» **WORK ITEM**:
Would you transcribe the entries below, beginning at the line with "Unbranded mid-1950s brown" and ending after the line with "EXQUISITE LOUIS PHILIPPE", exactly, with no picture and nothing more?

» **RECORD EXTRACTS**:
========

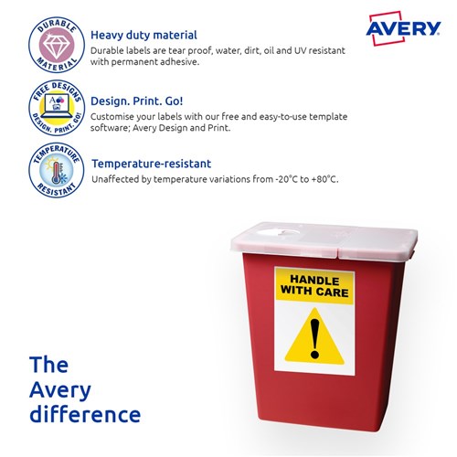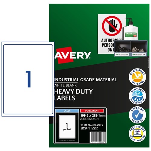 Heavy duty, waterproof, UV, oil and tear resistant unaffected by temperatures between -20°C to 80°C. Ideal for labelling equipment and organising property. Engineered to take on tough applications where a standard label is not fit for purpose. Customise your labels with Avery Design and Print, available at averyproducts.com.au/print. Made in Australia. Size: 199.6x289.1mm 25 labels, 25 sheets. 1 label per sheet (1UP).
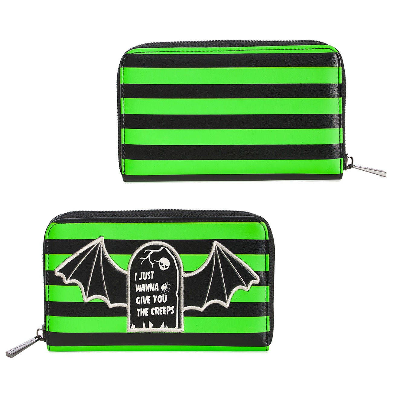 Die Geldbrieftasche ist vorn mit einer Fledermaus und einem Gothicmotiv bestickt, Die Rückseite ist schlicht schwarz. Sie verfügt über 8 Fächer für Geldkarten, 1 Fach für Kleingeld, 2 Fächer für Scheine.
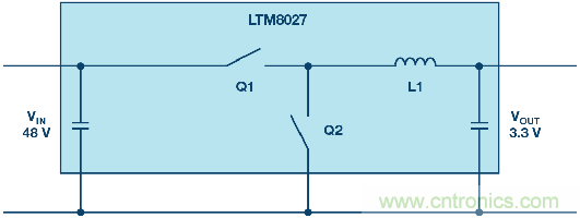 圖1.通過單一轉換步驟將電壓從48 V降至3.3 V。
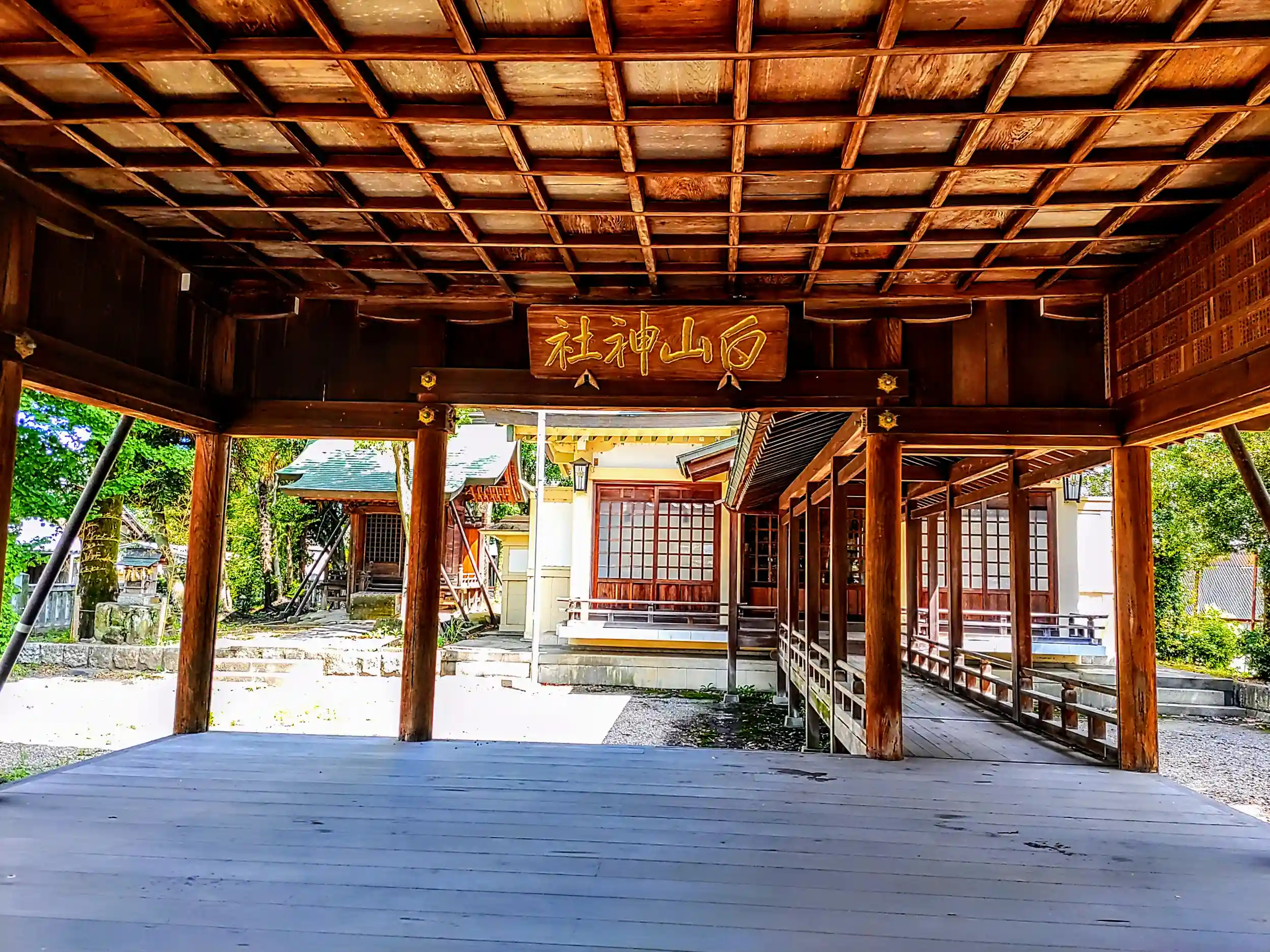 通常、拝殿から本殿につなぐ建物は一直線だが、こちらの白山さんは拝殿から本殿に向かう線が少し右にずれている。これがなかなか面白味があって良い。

========

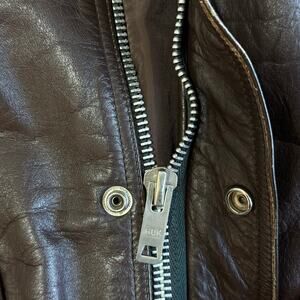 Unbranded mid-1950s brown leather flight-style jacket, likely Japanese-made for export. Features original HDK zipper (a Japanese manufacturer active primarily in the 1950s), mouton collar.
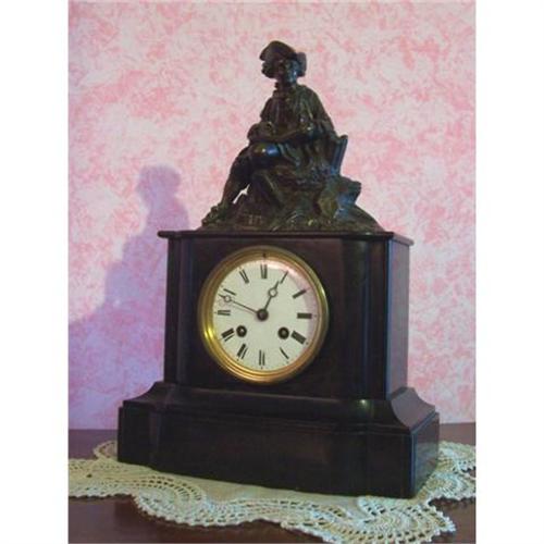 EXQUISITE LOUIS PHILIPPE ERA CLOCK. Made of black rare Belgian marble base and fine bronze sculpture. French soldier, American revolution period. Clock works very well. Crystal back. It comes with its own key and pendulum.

========

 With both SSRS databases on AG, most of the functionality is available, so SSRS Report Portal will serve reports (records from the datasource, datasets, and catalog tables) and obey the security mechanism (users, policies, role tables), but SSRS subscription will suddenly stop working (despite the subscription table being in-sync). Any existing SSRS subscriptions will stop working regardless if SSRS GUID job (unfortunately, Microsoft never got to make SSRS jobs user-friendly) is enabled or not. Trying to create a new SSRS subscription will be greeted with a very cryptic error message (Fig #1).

========

» **ANSWER SECTION**:
 Unbranded mid-1950s brown leather flight-style jacket, likely Japanese-made for export. Features original HDK zipper (a Japanese manufacturer active primarily in the 1950s), mouton collar.
 EXQUISITE LOUIS PHILIPPE ERA CLOCK. Made of black rare Belgian marble base and fine bronze sculpture. French soldier, American revolution period. Clock works very well. Crystal back. It comes with its own key and pendulum.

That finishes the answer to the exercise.